- _YOUR GOAL_
From the material below, copy exactly the lines beginning with the one that contains "Im Gegensatz zu" and ending with the one that contains "The scope traces"; the pictures stay out.

- _INPUT DATA_
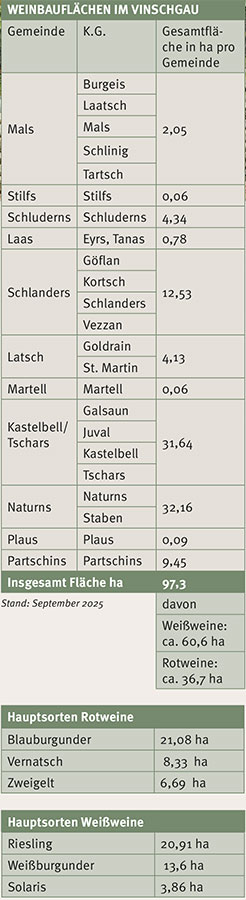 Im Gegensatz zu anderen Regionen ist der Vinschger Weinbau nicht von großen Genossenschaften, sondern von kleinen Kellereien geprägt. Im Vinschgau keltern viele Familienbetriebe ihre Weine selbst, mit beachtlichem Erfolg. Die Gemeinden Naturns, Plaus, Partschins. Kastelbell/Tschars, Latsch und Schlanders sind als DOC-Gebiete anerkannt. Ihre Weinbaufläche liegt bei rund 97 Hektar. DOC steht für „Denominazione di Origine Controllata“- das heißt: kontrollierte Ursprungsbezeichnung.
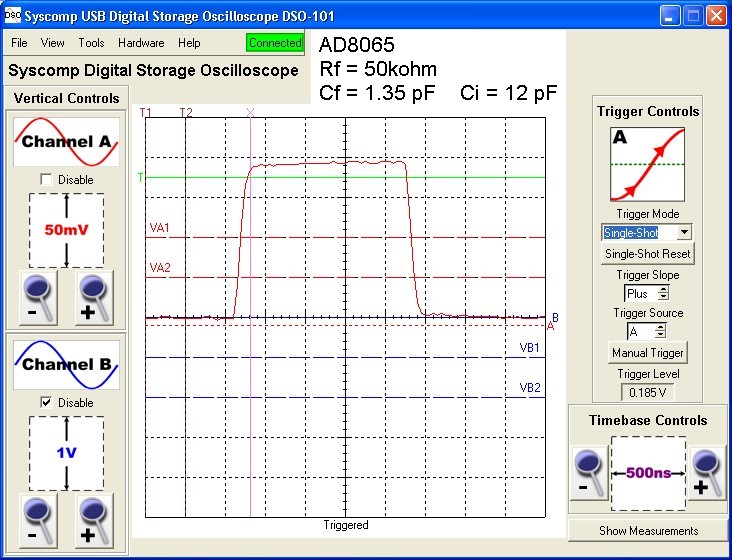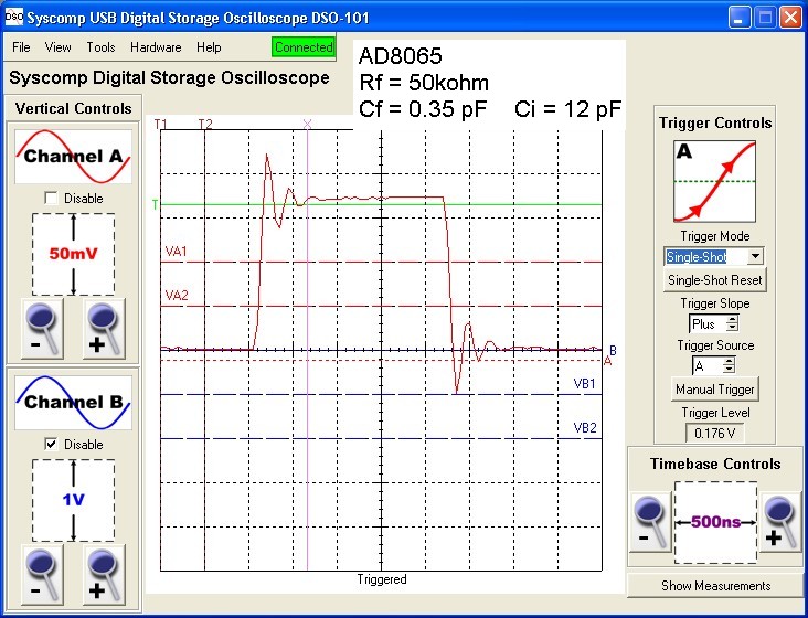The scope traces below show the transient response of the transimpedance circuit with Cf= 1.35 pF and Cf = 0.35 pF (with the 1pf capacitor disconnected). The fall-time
...
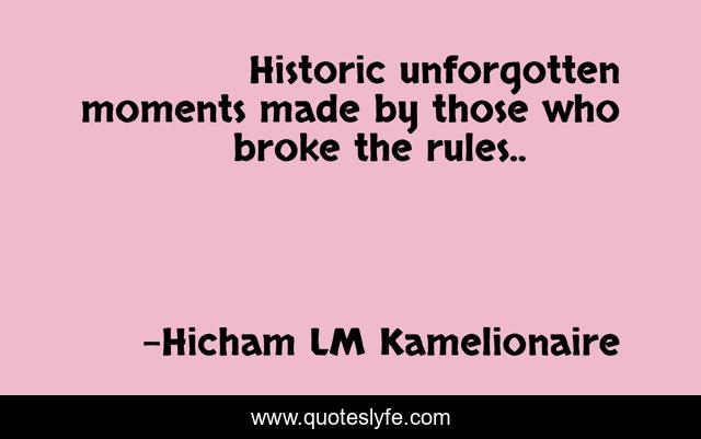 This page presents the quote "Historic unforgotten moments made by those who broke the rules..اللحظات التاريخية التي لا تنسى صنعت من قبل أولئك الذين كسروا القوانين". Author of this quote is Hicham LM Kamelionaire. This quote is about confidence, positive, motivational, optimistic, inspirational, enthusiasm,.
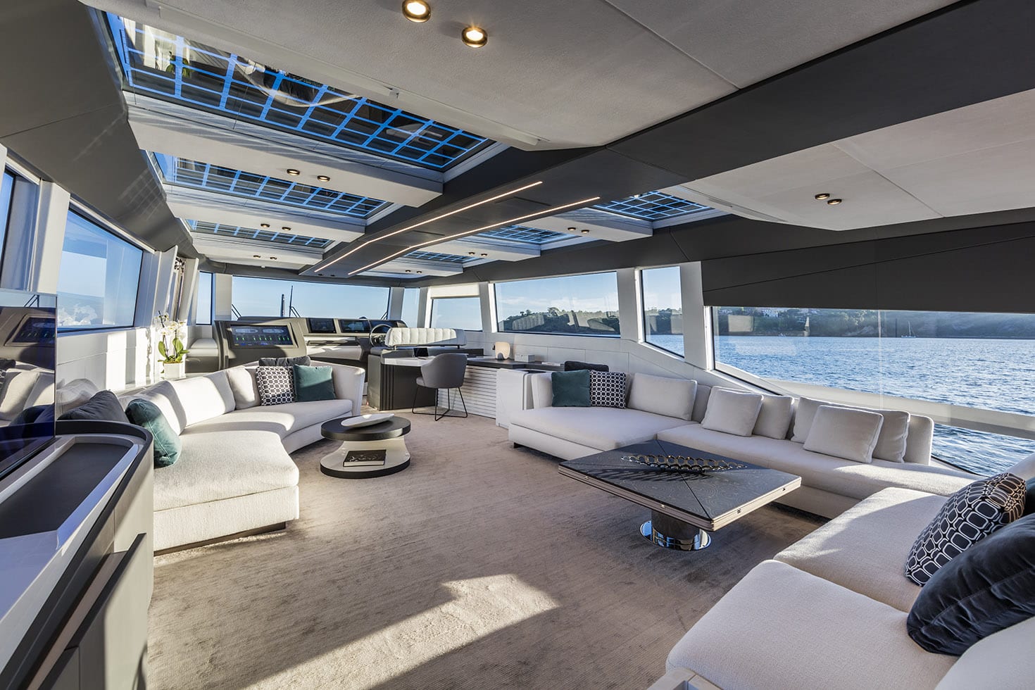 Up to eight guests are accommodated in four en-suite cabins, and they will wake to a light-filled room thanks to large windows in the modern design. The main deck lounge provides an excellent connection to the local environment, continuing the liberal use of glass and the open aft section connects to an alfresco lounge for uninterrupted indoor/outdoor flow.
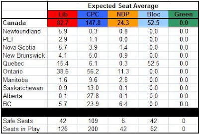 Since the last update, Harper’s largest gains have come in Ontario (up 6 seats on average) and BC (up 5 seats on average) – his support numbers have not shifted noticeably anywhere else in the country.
==
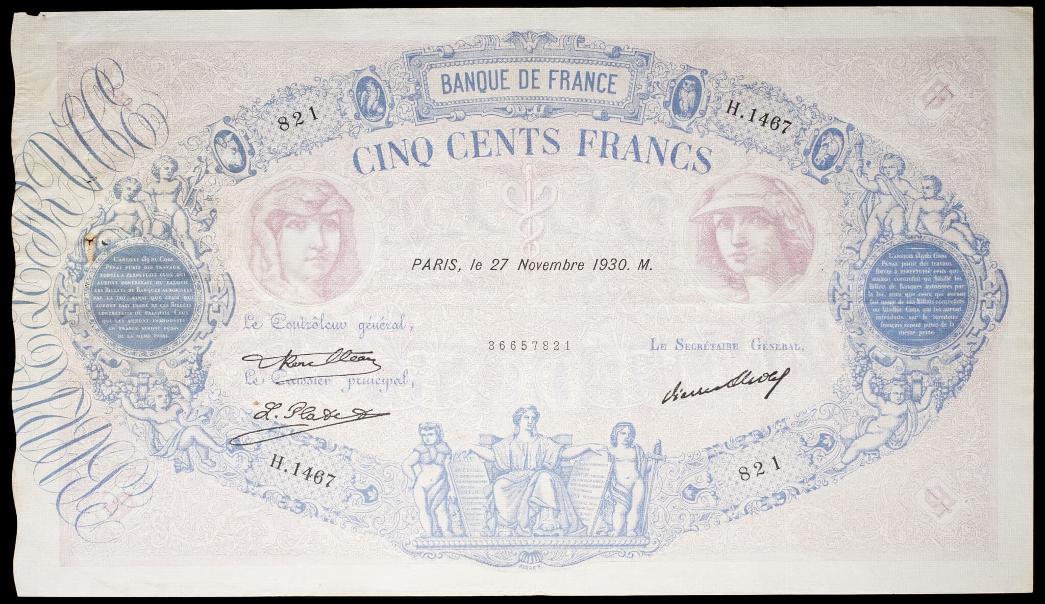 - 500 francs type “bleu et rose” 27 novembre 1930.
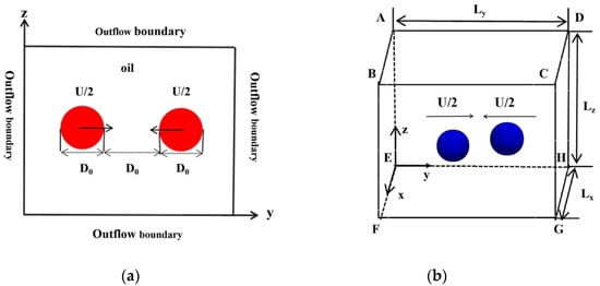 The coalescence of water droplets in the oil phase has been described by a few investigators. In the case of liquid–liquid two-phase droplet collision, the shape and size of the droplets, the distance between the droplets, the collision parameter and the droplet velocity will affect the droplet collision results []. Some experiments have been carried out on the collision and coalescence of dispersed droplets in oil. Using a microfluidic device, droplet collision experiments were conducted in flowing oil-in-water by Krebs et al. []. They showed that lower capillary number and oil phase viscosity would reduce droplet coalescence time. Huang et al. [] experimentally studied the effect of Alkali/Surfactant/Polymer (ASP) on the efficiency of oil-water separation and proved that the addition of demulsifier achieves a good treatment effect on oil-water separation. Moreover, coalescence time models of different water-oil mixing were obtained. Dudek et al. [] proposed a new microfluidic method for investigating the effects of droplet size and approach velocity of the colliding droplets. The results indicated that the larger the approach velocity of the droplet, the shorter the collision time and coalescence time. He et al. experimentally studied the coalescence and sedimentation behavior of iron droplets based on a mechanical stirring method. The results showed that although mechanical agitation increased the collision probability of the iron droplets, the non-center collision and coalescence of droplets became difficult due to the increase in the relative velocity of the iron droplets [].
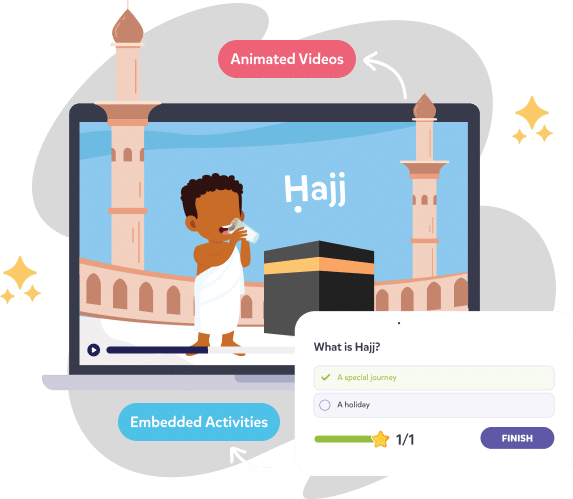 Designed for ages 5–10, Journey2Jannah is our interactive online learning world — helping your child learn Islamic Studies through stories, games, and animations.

- _EXERCISE RESULT_
 Im Gegensatz zu anderen Regionen ist der Vinschger Weinbau nicht von großen Genossenschaften, sondern von kleinen Kellereien geprägt. Im Vinschgau keltern viele Familienbetriebe ihre Weine selbst, mit beachtlichem Erfolg. Die Gemeinden Naturns, Plaus, Partschins. Kastelbell/Tschars, Latsch und Schlanders sind als DOC-Gebiete anerkannt. Ihre Weinbaufläche liegt bei rund 97 Hektar. DOC steht für „Denominazione di Origine Controllata“- das heißt: kontrollierte Ursprungsbezeichnung.
The scope traces below show the transient response of the transimpedance circuit with Cf= 1.35 pF and Cf = 0.35 pF (with the 1pf capacitor disconnected). The fall-time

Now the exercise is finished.